Ina Welpmann, Leiterin im AWO-Familienzentrum Bad Belzig

Quelle: Victoria Barnack

Claudia Bartholomeyczik und Ulrike Stockburger leiten das Projekt. Sie gehören dem Berliner „Theaterbündnis Blumenstrauß“ an, einem Verein zur kulturellen Bildung in allen Sozialschichten. Bartholomeyczik ist Theaterpädagogin, Sprachgestalterin und Fremdsprachenpädagogin. Ihre Kollegin Ulrike Stockburger ist außerdem Moderatorin für Beteiligungsprojekte und Lizenztrainerin im Breitensport.

„Mit unseren Kompetenzen wollten wir uns einbringen“, berichtet Stockburger, „denn wir wissen, dass es Frauen oft besonders schwierig haben.“ Weil oftmals die Mütter die Kinder betreuen, könnten sie weniger am öffentlichen Leben teilhaben. „Das Problem der Kinderbetreuung kennen wir auch aus Berlin“, bestätigt sie.

Insgesamt zehn geflüchtete Frauen aus Syrien, Afghanistan, Nigeria und Kenia nutzen das Angebot, das noch bis Freitag läuft. Die wenigsten von ihnen konnten bisher einen Deutschkurs besuchen. Familienzentrumsleiterin Welpmann betont, dass der einwöchige Theaterworkshop keine Lücken im System schließen kann. „Es ist eine wertvolle Ergänzung“, sagt sie. „Es geht vor allem darum, die Scheu zu überwinden, Deutsch zu sprechen.“

Ulrike Stockburger bringt den Flüchtlingsfrauen neue Substantive und di richtigen Artikel bei

Ulrike Stockburger bringt den Flüchtlingsfrauen neue Substantive und di richtigen Artikel bei.

Quelle: Victoria Barnack

Dieses Ziel wollen Bartholomeyczik und Stockburger mit zwei einfachen Mitteln erreichen: wenig Druck und viel Spaß. „Wir wurden herzlich empfangen. Die Frauen haben schnell gemerkt, dass sie hier so viele Fehler machen können, wie sie möchten“, erzählt Ulrike Stockburger.

Bis zum Freitagnachmittag wollen sie verschiedene Szenen einstudieren und das Sprachniveau dabei kontinuierlich verbessern. In einem ersten Stück rempeln sich zwei Frauen mit Handtaschen an. Aus „Hey, was soll das?“ oder „Was denn?“ sollen bis Freitag ausformulierte Sätze wie „Passen Sie doch auf!“ oder „Was habe ich denn gemacht?“ werden.

Die großen Barrieren von Sprache und Schrift wollen die Theaterpädagoginnen dabei möglichst umgehen. „Wir nutzen den Körperausdruck, Gefühle, Lachen und Bewegung“, erklärt Claudia Bartholomeyczik. Um die Emotionen ins Deutsche zu übertragen, durften die Frauen die Gespräche zu Beginn in ihrer Muttersprache proben. Denn die Theaterpädagoginnen wissen: „Dort fühlen sie sich wohl.“

Die Wertschätzung für die Heimat der Geflüchteten soll am Ende zu einer Offenheit gegenüber der neuen Sprache führen. Das Deutsch lernen soll auch weiterhin Spaß machen. „Die Trennung zwischen dem sachlichen Unterricht und dem emotionalen Umgang mit Sprache innerhalb einer Familie ist nicht förderlich“, erklärt Stockberger.

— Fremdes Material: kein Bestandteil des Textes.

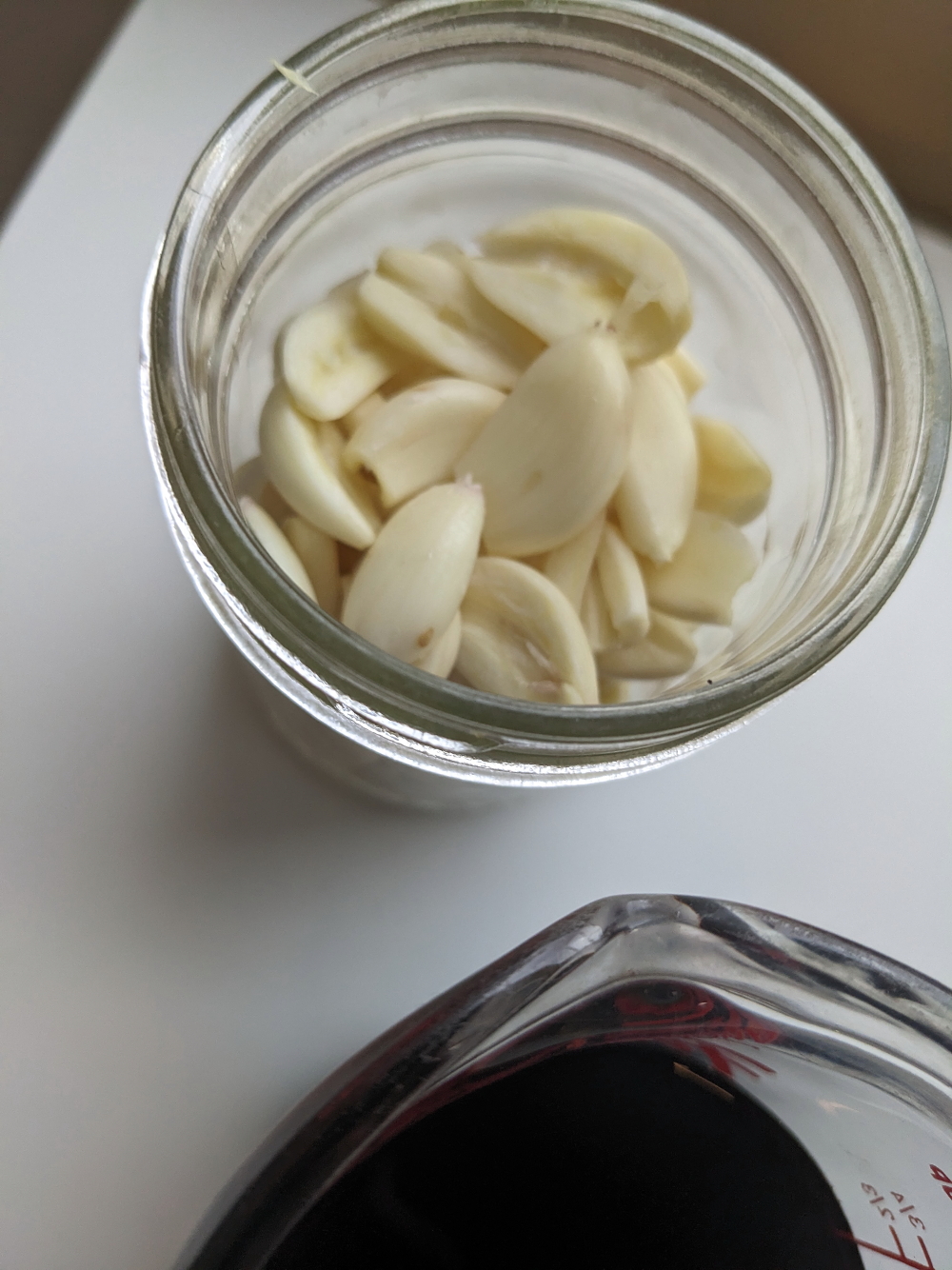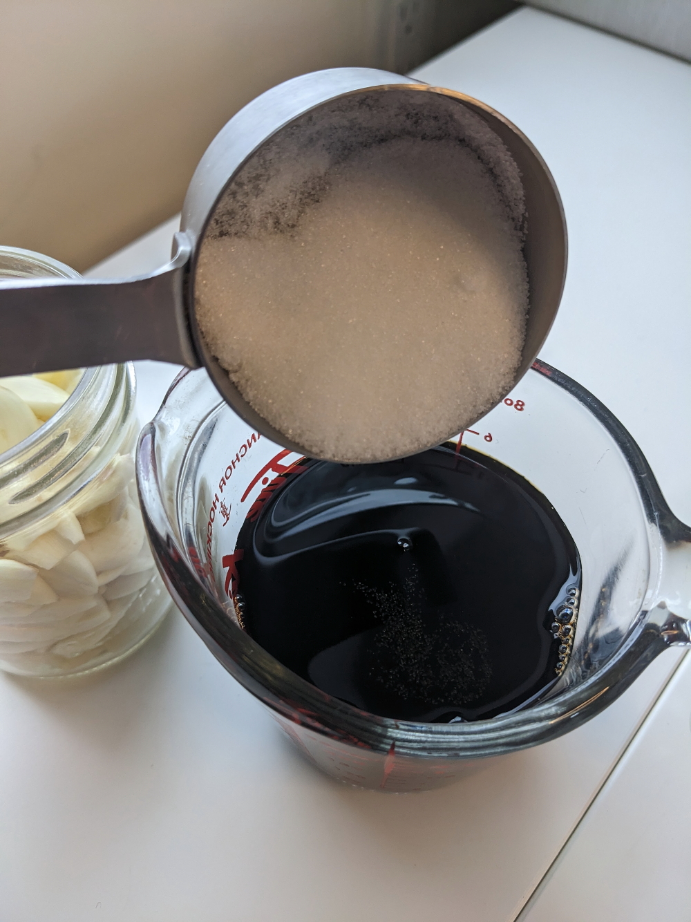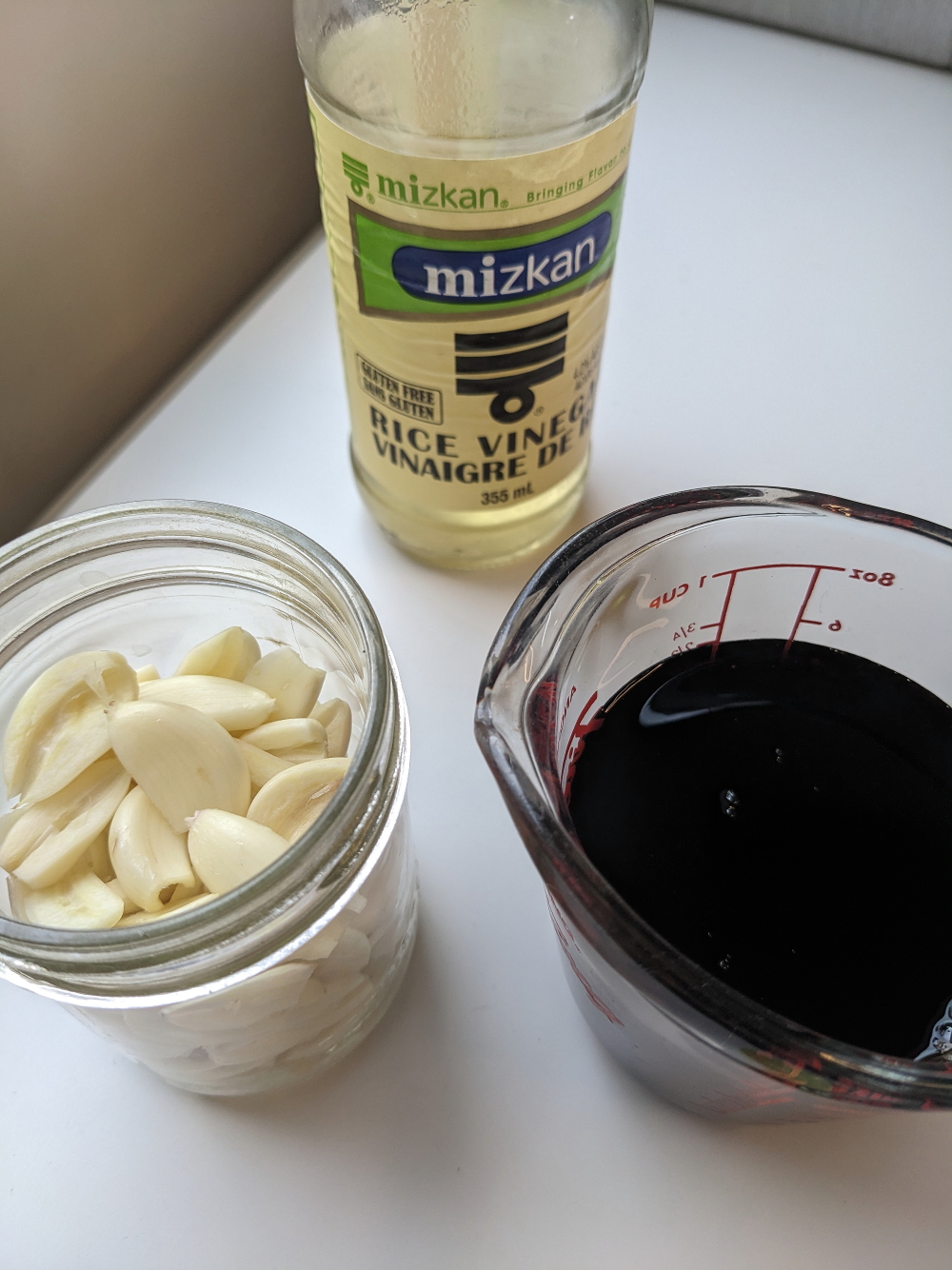 To the garlic, add 1 part vinegar, 1 part sugar and 3 parts soya sauce. (1 cup soya sauce, 1/3 cup vinegar and 1/3 cup sugar.)

Damit dass einwöchige Projekt auch langfristig Früchte trägt, wollen Bartholomeyczik und Stockburger ein Heft erarbeiten, in dem Texte, Bilder, Lieder und Sprüche festgehalten sind, die während des Projektes eingeübt wurden. „Anschließend können die Frauen damit eigenständig das ein oder andere neue Wort dazulernen“, sagt Ulrike Stockburger.

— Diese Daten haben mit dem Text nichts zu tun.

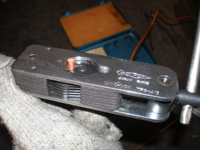 | 3.2mm程突き出し、円錐形の駒で広げていく訳ですね。 | ピンボケですが・・・完成です。注意点はフレアナットを入れてから加工ですね。 |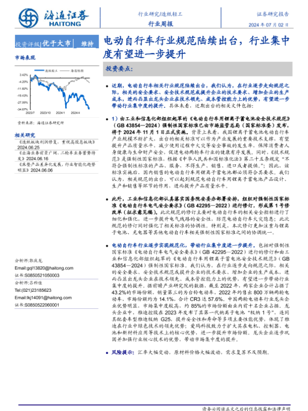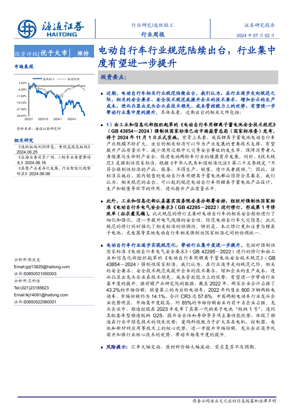 【海通证券】【20240702】20240702-海通证券-造纸轻工行业周报:电动自行车行业规范陆续出台,行业集中度有望进一步提升-11页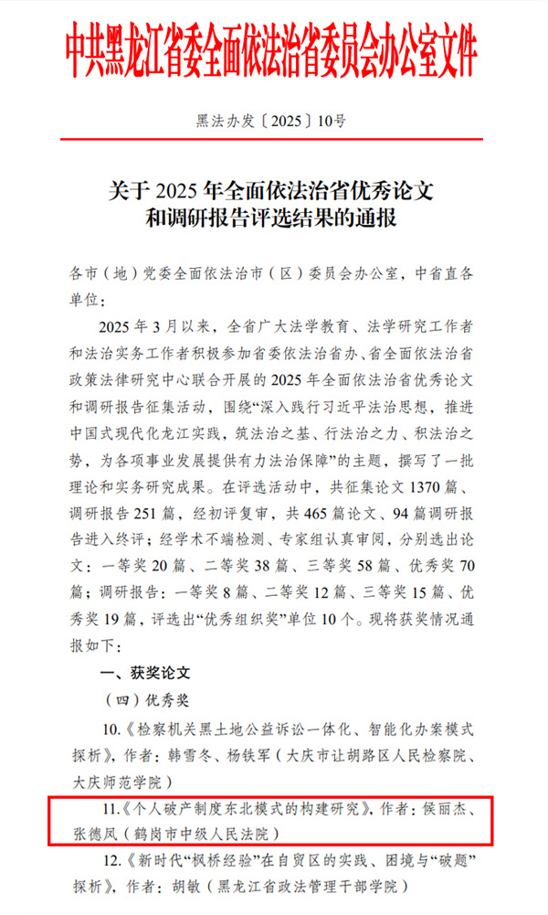 近日,中共黑龙江省委全面依法治省委员会办公室印发《关于2025年全面依法治省优秀论文和调研报告评选结果的通报》经初评复审、学术不端检测、专家组认真审阅,鹤岗中院候丽杰、张德凤撰写的论文《个人破产制度东北模式的构建研究》获得优秀奖。

Das Familienzentrum will Eltern, die ihre Kinder selbst betreuen müssen, weiterhin unterstützen. Immer dienstags und donnerstags ab 9 Uhr findet der „Bunten Morgen“statt. Zwei Stunden lang können Eltern dort Deutsch lernen und sich beraten lassen, während ihre Kinder in der Einrichtung betreut werden.